TOUL
La lumière à Toul est un tremblement. Elle s'amasse tout à coup. Elle entoure ce qui n'est jamais dit. Elle gronde dans l'espace, saute avec les chats, écorche et détale. Elle roule au milieu des pommes, elle recouvre le moindre bruit. Elle s'arrête devant les écluses.
Elle est une et il y en a tant. Un froissement quand elle s'éloigne. Il y a un trou dans la lumière. Et c'est toujours quand je te demande comment tu t'appelles.
TOUL
Toul est courbe comme le monde !
Une craillée d’oiseaux semblait attraper la ville par un pan et l’emporter au-dessus de la Moselle. Puis tout s’éparpille. Et je n’avais pas eu le temps de fermer les yeux.
En 1946, nous courions dans les ruines. On y riait. On se cachait. On s’appelait d’un bloc de pierre à l’autre. Quand trop d’été explose dans une cour, quand je vais plus vite que les rues, que les arbres autour de la place de la République, plus vite qu’un rosier et rien n’échappe, pas même le silence, je suis à Toul.
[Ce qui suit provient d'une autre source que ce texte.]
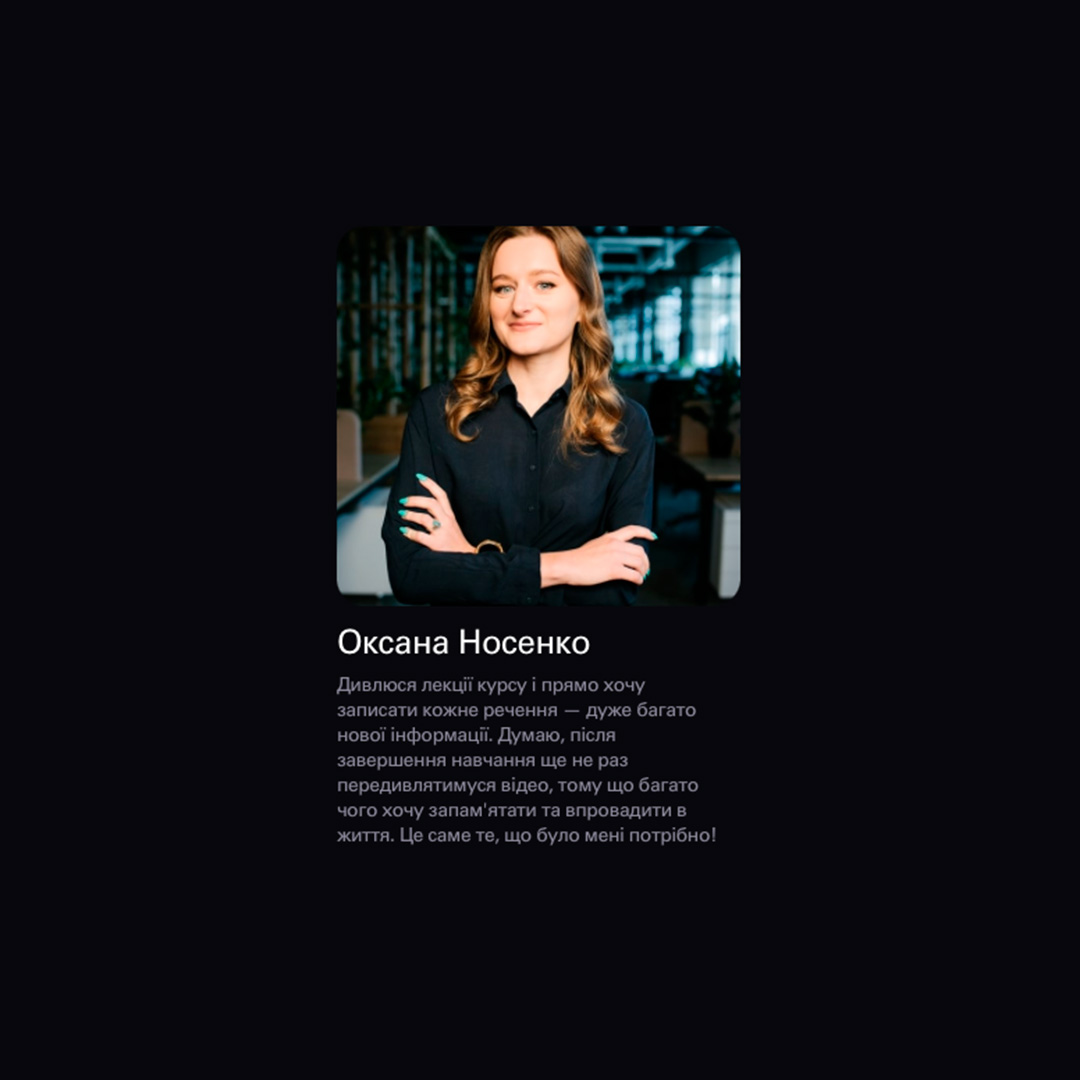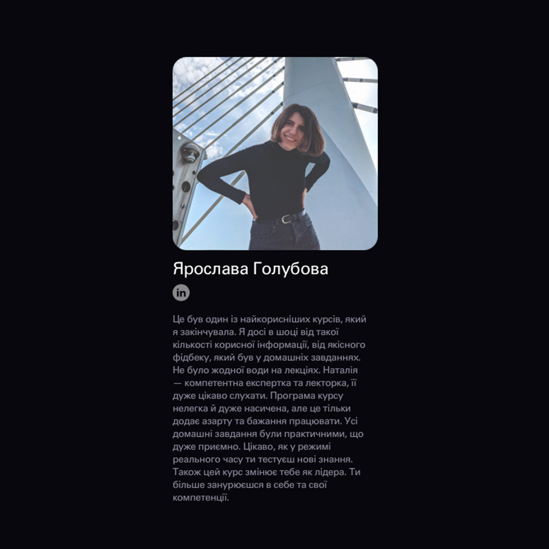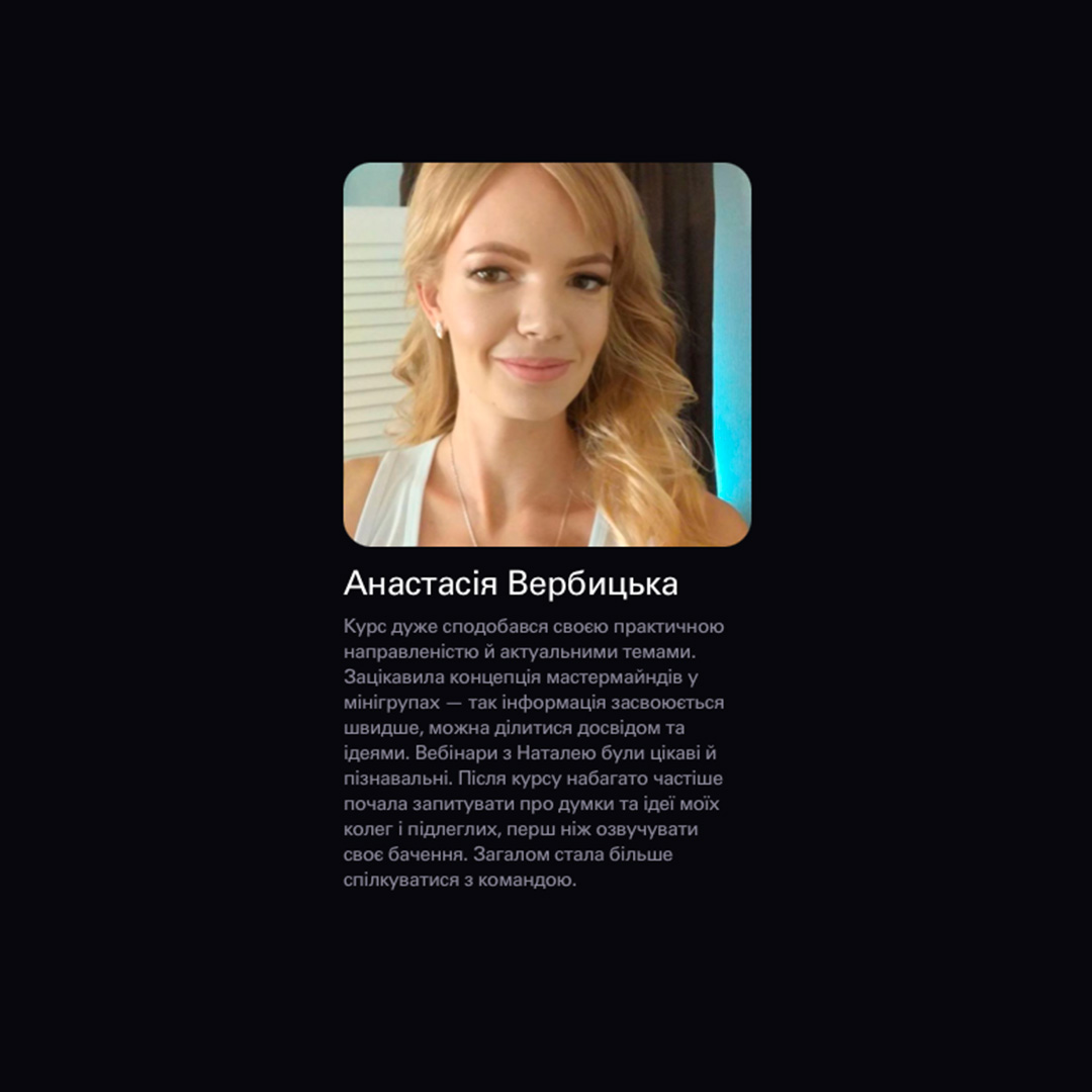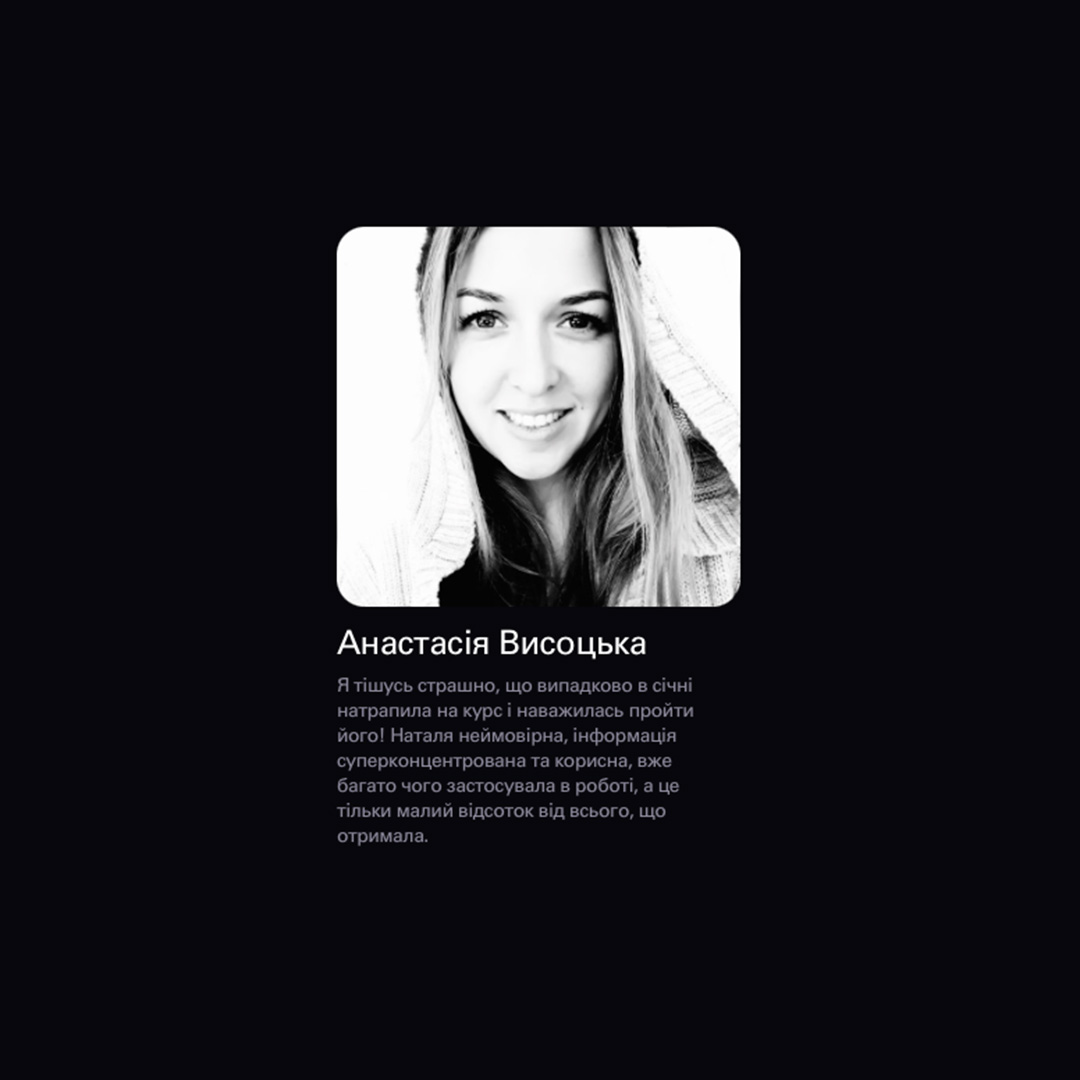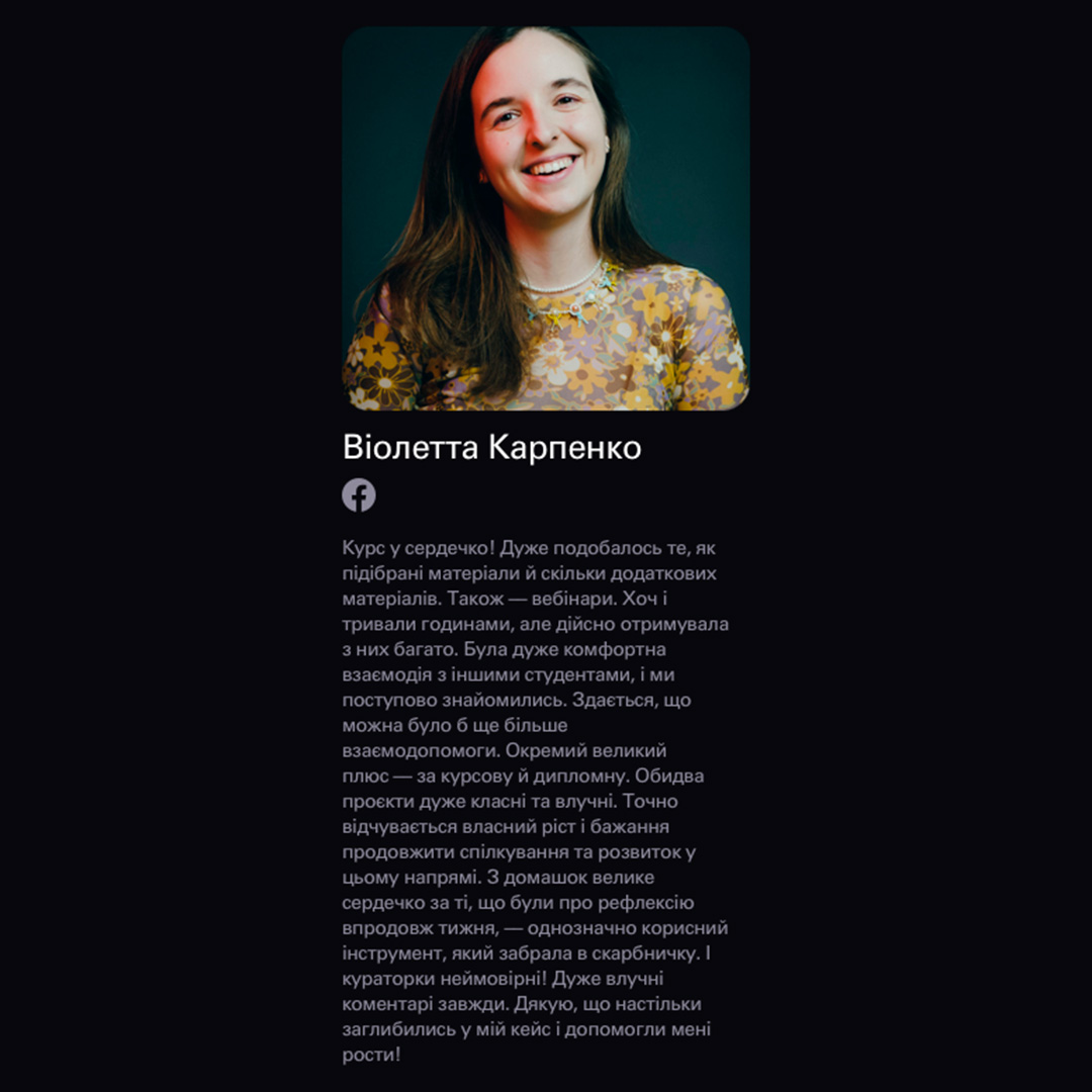 10+ years of teaching and mentoring at Projector online institute, Kyiv Academy of Media Arts, Baggage school of marketing communications, ADC*UA School.

Je n’ai jamais le temps de fermer les yeux, c’est comme si la lumière venait de m’érafler.
J'entends l'oubli. J'entends la craillée d'oiseaux emporter la ville
Qui ai-je fui jusqu'à ce que je touche ton nom, jusqu'à ce que rien ne se répète ?
Lorsque je n'ai pas peur, lorsque je pourrai courir et comme ouvrir les bras derrière les mots, je suis à Toul.